§ **How to complete this task**
Below are the records; extract from them the line containing "A woman in a" to the line containing "операции, оператор if, ключевое", both lines included, exactly and with no pictures.

[[ Source information, beginning ]]

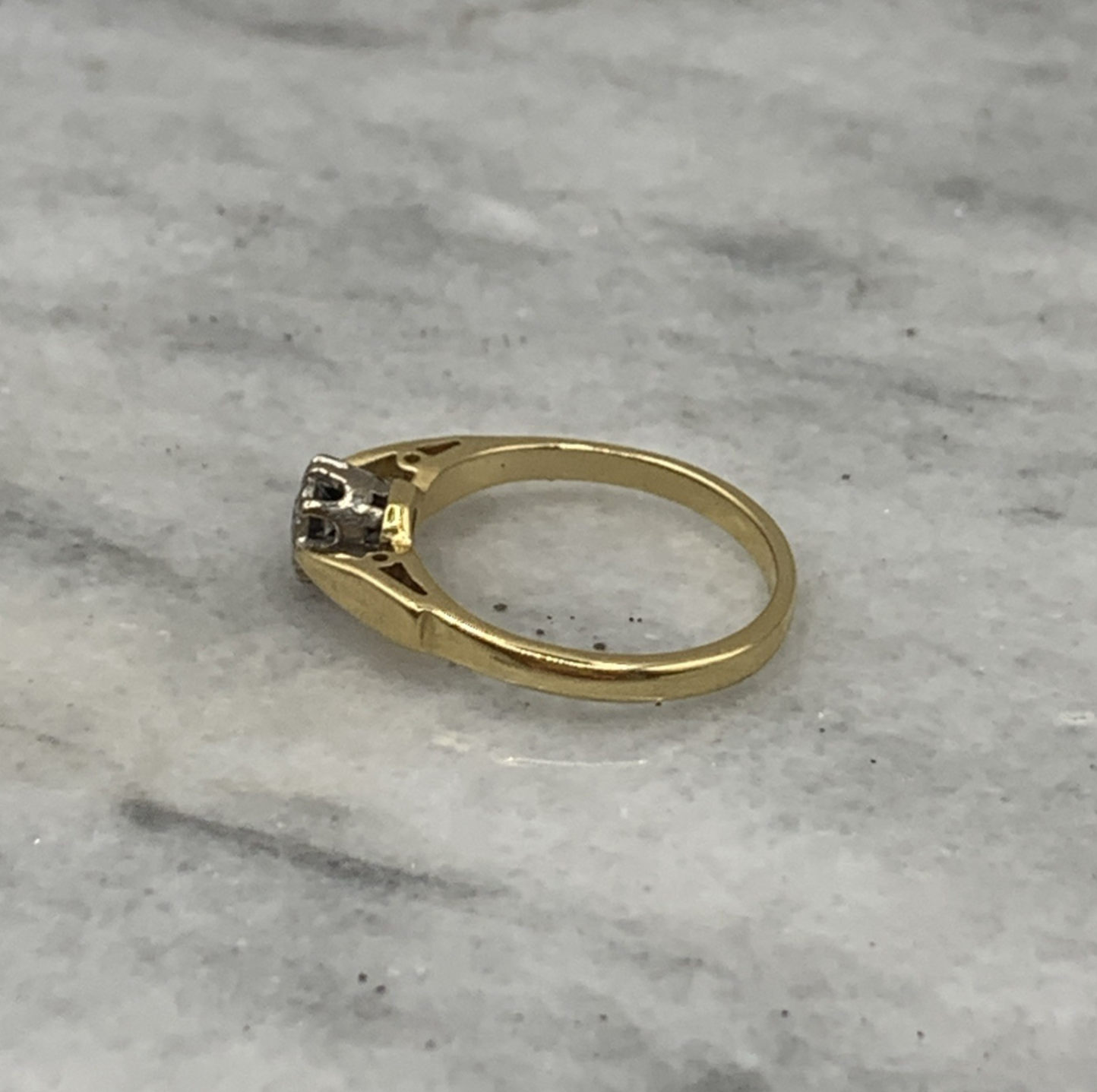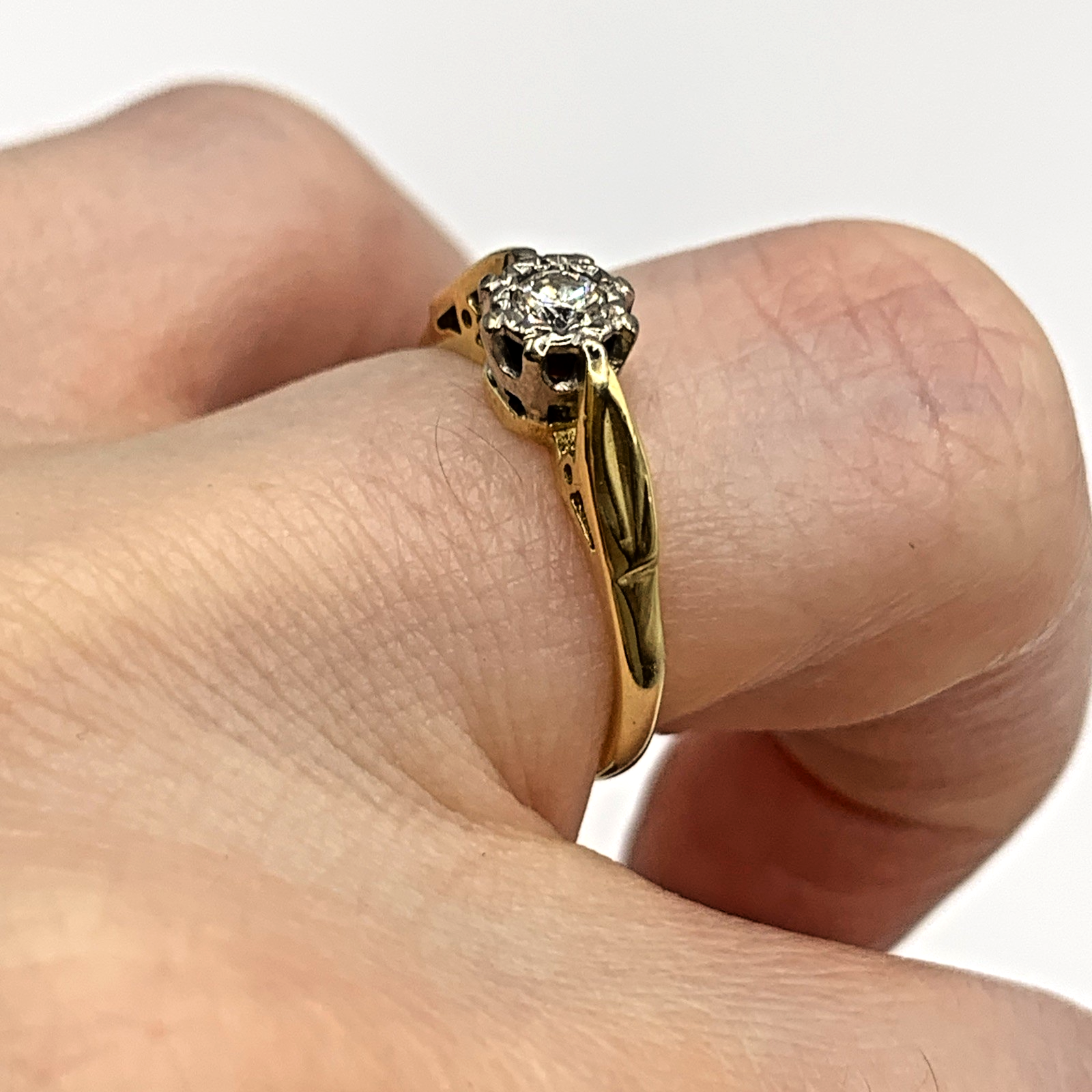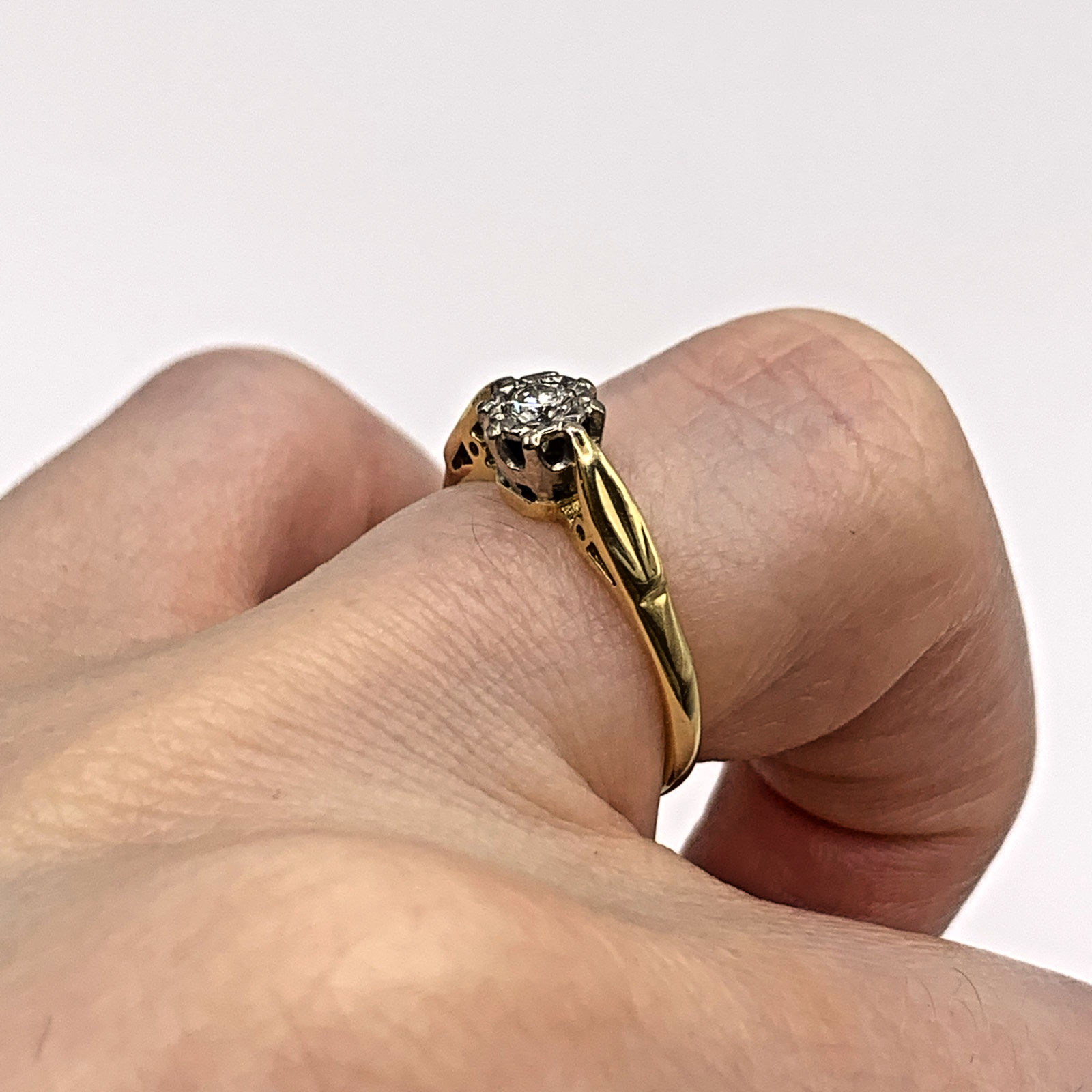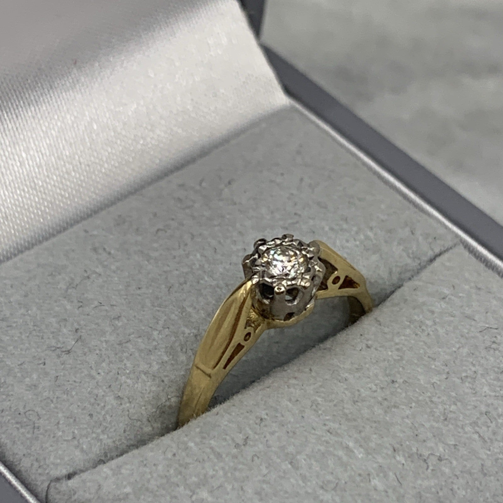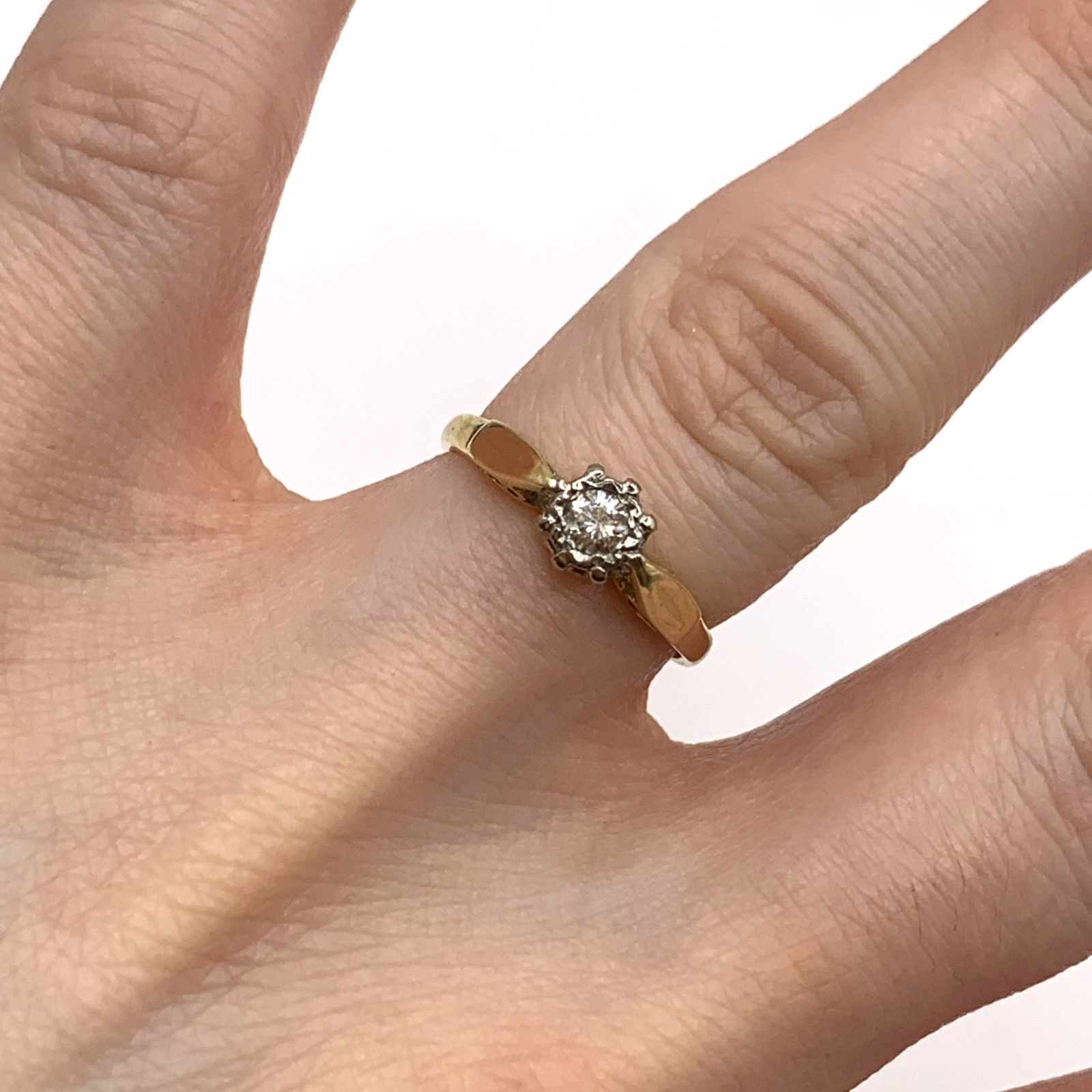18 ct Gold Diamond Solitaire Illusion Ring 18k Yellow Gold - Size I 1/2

[[ Source information, end ]]
[[ Source information, beginning ]]

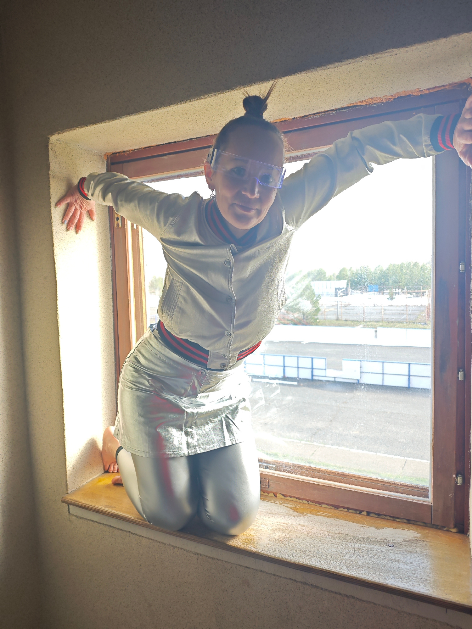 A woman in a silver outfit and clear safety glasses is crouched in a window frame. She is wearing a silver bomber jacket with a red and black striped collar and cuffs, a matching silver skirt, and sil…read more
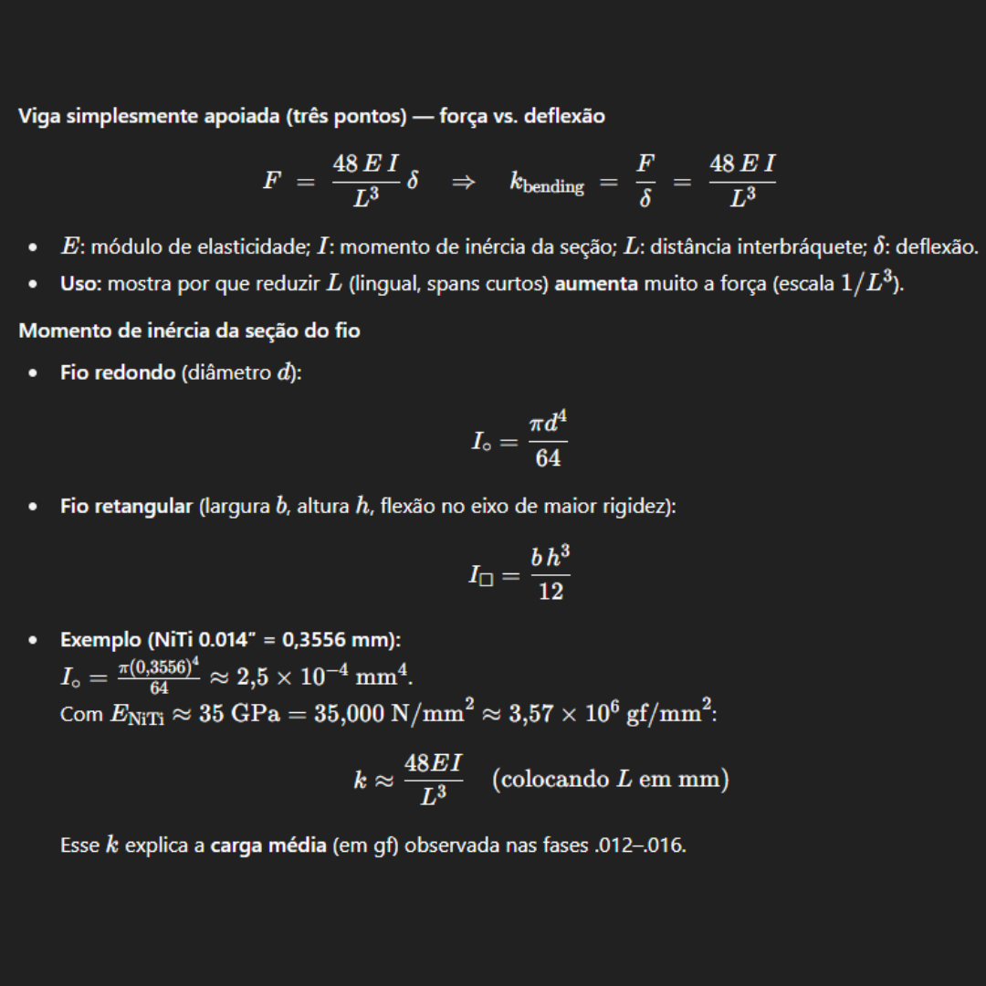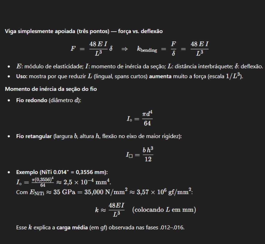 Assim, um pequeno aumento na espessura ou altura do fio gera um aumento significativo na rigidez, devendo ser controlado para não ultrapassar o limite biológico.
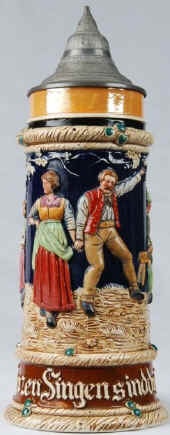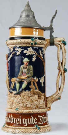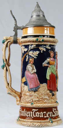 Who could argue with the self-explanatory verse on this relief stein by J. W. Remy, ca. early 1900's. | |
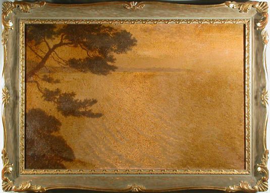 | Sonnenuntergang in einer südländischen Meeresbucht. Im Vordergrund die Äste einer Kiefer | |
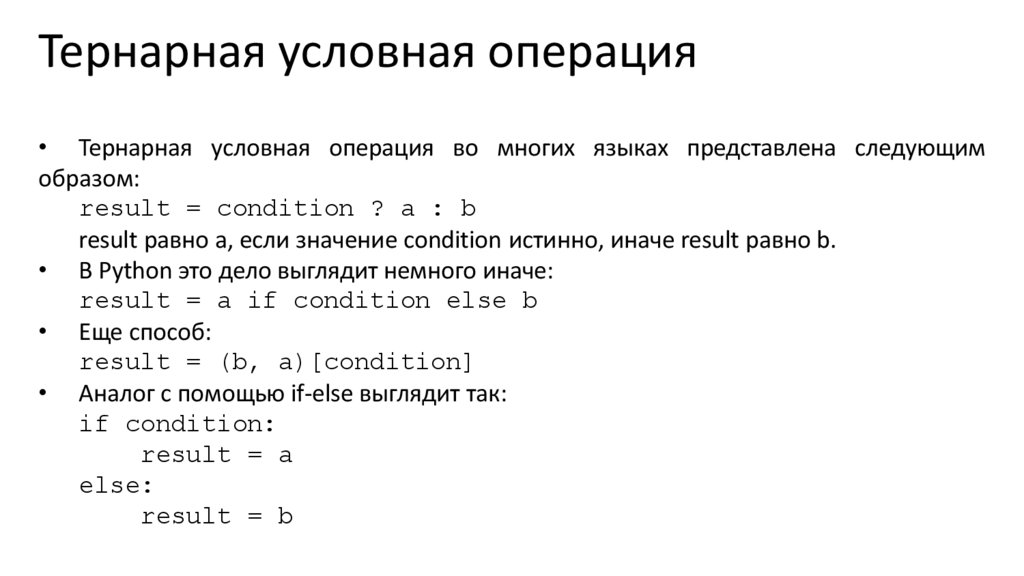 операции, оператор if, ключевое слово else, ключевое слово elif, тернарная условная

[[ Source information, end ]]
[[ Source information, beginning ]]

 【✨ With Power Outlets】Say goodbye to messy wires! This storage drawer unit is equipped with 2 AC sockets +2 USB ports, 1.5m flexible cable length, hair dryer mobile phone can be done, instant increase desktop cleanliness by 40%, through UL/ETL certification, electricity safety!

[[ Source information, end ]]

§ **Finished task**
 A woman in a silver outfit and clear safety glasses is crouched in a window frame. She is wearing a silver bomber jacket with a red and black striped collar and cuffs, a matching silver skirt, and sil…read more
 Assim, um pequeno aumento na espessura ou altura do fio gera um aumento significativo na rigidez, devendo ser controlado para não ultrapassar o limite biológico.
 Who could argue with the self-explanatory verse on this relief stein by J. W. Remy, ca. early 1900's. | |
 | Sonnenuntergang in einer südländischen Meeresbucht. Im Vordergrund die Äste einer Kiefer | |
 операции, оператор if, ключевое слово else, ключевое слово elif, тернарная условная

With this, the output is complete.